- Born: 9 August 1967 (age 59) Bangalore, Karnataka, India
- Education: IIT Madras, IISc
- Known for: Tropical ocean dynamics Ocean-atmosphere interaction in the monsoon region Monsoons Hydrology
- Awards: Shanti Swarup Bhatnagar Award (2011) CSIR Young Scientist Award(2002)
- Scientific career
- Fields: Oceanography
- Workplaces: National Institute of Oceanography, Goa

= Shankar Doraiswamy =

Indian oceanographer (born 1967)

Shankar Doraiswamy is an Indian oceanographer. Senior Principal Scientist position at the National Institute of Oceanography in Goa.

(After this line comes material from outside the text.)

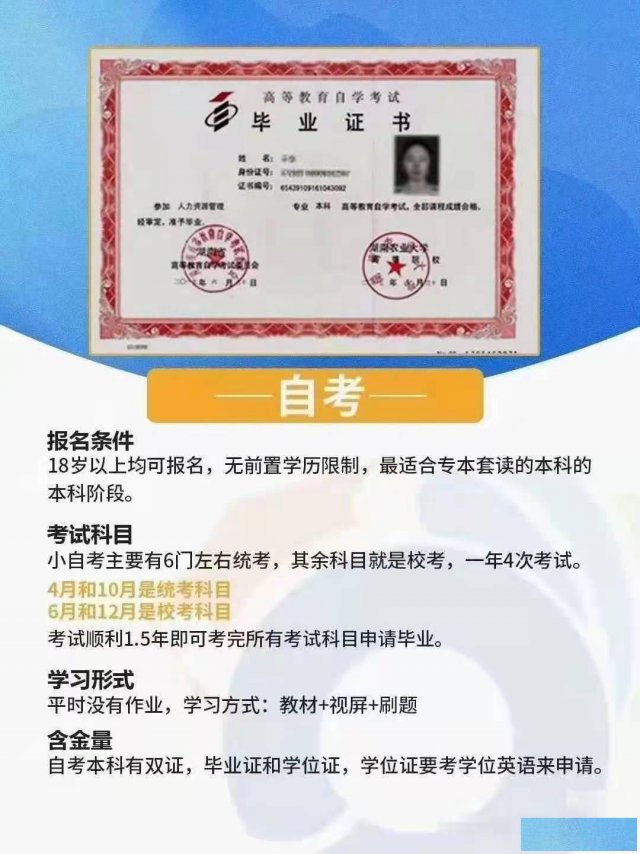 优点:第一,我们普遍认为自考含金量是成人学历提升里面最高的;第二,自考时间灵活,可控,考得快拿证也比较快(四川省有小自考,小自考难度较低,最快1.5年毕业)
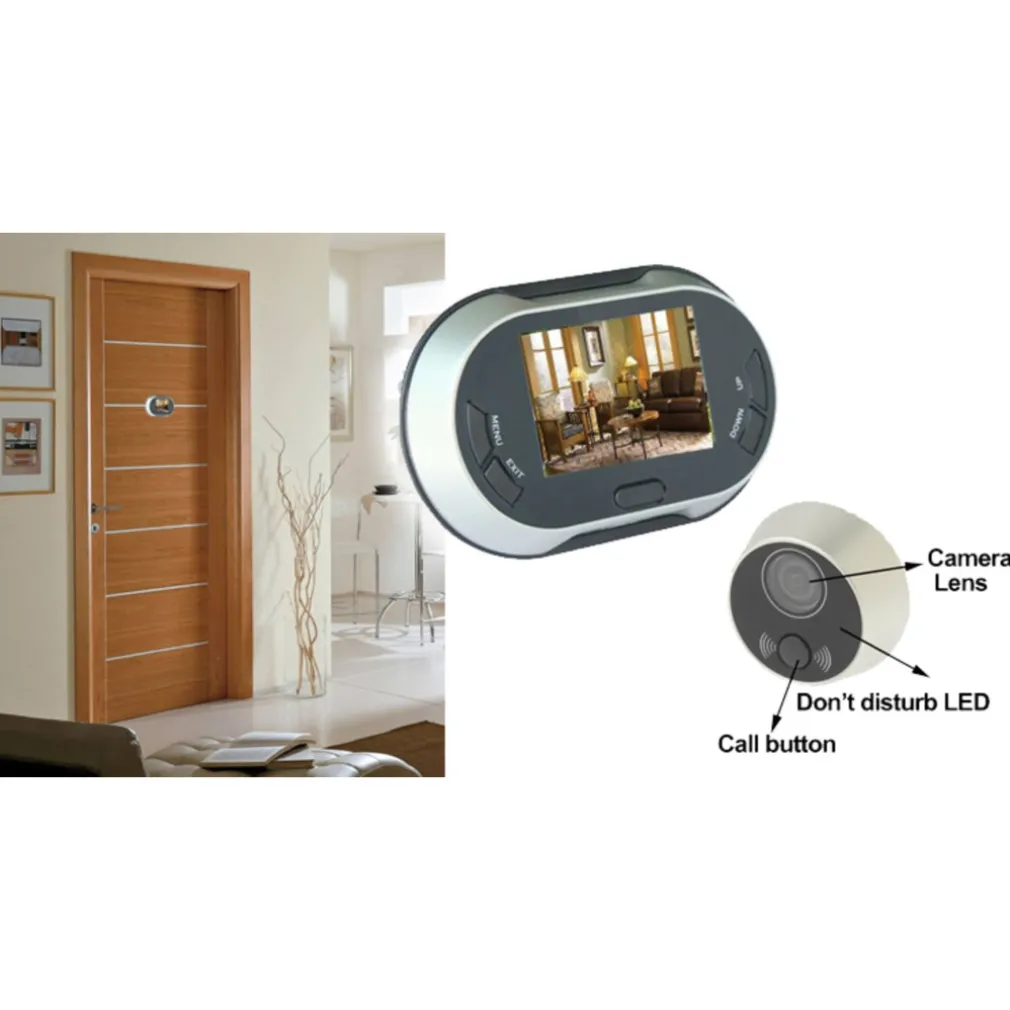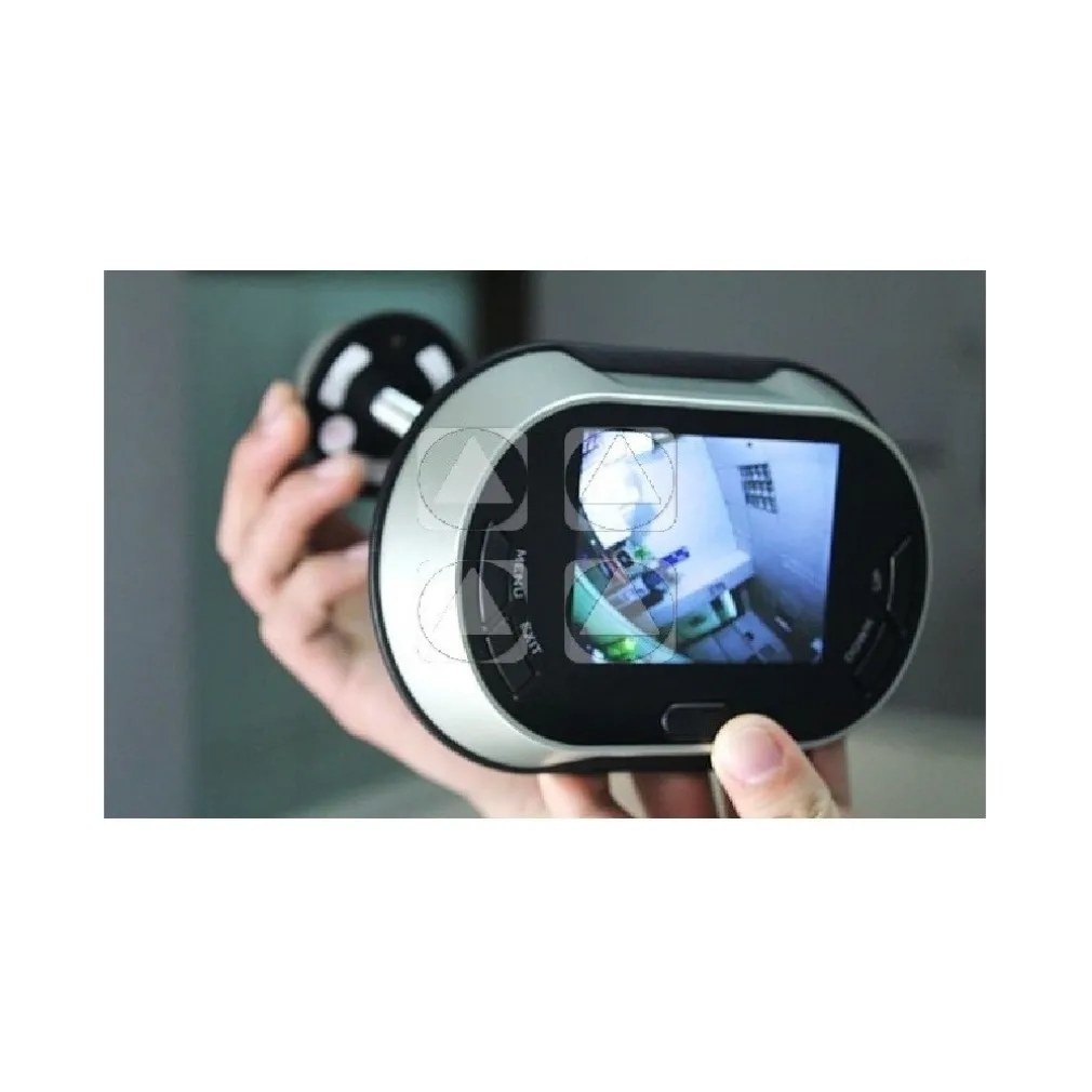 Nuovissimo prodotto con il quale avrai immagini perfette delle persone che bussano alla vostra porta, e non solo possiamo anche scattare foto quando bussano alla porta! Questo fantastico spioncino digitale è dotato di un display LCD di grandi dimensioni 3,5″ pollici a colori che vi permette di visualizzare in modo chiaro anche i minimi dettagli quando qualcuno bussa alla nostra porta. Questo prodotto innovativo, con un ampio angolo di visuale di 190°, è semplicissimo da usare, infatti basterà solo premere il pulsante presente sul dispositivo quando suonerà il campanello, per visualizzare le immagini di ciò che si trova al di la della porta. Inoltre questo spioncino digitale scatta delle immagini, che ci consentono di sapere che ha suonato in nostra assenza, una sorta di segreteria video… Dotato di un sistema a risparmio energetico che permette allo schermo di spegnersi automaticamente dopo 10 secondi dalla visualizzazione. Inoltre l’installazione è molto semplice e ruberà pochissimo tempo per ottenere uno spioncino tecnologico che apparirà come un normale oblo da porta. Questo dispositivo ci consentirà di aprire la porta evitando cosi l intrusione di persone indesiderate nella propria abitazione. Alimentato con 3 batterie AA (NON INCLUSE), la grandezza dello schermo è di 3,5 pollici. Dispone di una memoria interna grazie alla quale sarà possibile registrare tutte le immagini provenienti dalla telecamera.

He was awarded in 2011 the Shanti Swarup Bhatnagar Prize for Science and Technology, the highest science award in India, in the Earth sciences category.

==Biography==
He was born in Bangalore on 9 August 1967. He studied at the Indian Institute of Technology, Madras and the Indian Institute of Science, Bangalore. He holds a PhD in marine science from the University of Goa. IIT Madras conferred its highest honor for an alumnus to Dr Shankar Doraiswamy in 2022 by recognising him as a Distinguished Alumnus Awardee.